*** RECORDS TO USE ***

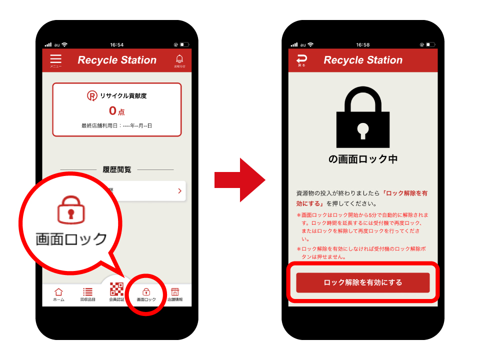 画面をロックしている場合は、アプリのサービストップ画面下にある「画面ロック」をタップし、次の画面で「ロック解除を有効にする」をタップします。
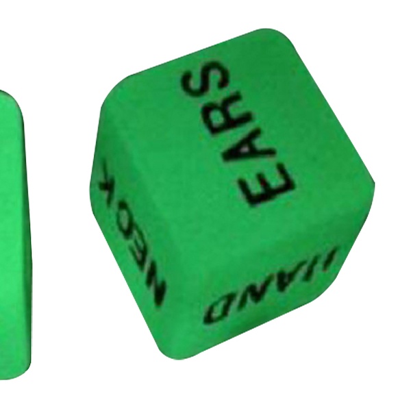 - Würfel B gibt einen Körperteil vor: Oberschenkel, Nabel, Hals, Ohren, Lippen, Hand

***
*** RECORDS TO USE ***

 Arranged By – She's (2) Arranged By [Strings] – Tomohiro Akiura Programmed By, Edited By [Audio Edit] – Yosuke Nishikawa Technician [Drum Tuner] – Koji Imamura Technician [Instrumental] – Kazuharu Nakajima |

***
*** RECORDS TO USE ***

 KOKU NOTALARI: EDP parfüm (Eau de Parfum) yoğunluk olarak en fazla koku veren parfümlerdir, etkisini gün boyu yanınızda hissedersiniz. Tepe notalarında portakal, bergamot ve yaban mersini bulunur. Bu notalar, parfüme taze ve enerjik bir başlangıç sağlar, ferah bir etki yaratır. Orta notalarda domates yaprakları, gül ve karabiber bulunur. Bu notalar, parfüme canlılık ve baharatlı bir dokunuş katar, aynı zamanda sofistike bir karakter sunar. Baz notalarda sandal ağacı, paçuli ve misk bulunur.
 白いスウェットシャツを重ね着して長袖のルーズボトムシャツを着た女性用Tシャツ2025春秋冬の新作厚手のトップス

***

PROBLEM: Proceeding from the line containing "KOKU NOTALARI: EDP" through the line containing "白いスウェットシャツを重ね着", transcribe the lines above exactly, both end lines included.

SOLUTION BELOW:
 KOKU NOTALARI: EDP parfüm (Eau de Parfum) yoğunluk olarak en fazla koku veren parfümlerdir, etkisini gün boyu yanınızda hissedersiniz. Tepe notalarında portakal, bergamot ve yaban mersini bulunur. Bu notalar, parfüme taze ve enerjik bir başlangıç sağlar, ferah bir etki yaratır. Orta notalarda domates yaprakları, gül ve karabiber bulunur. Bu notalar, parfüme canlılık ve baharatlı bir dokunuş katar, aynı zamanda sofistike bir karakter sunar. Baz notalarda sandal ağacı, paçuli ve misk bulunur.
 白いスウェットシャツを重ね着して長袖のルーズボトムシャツを着た女性用Tシャツ2025春秋冬の新作厚手のトップス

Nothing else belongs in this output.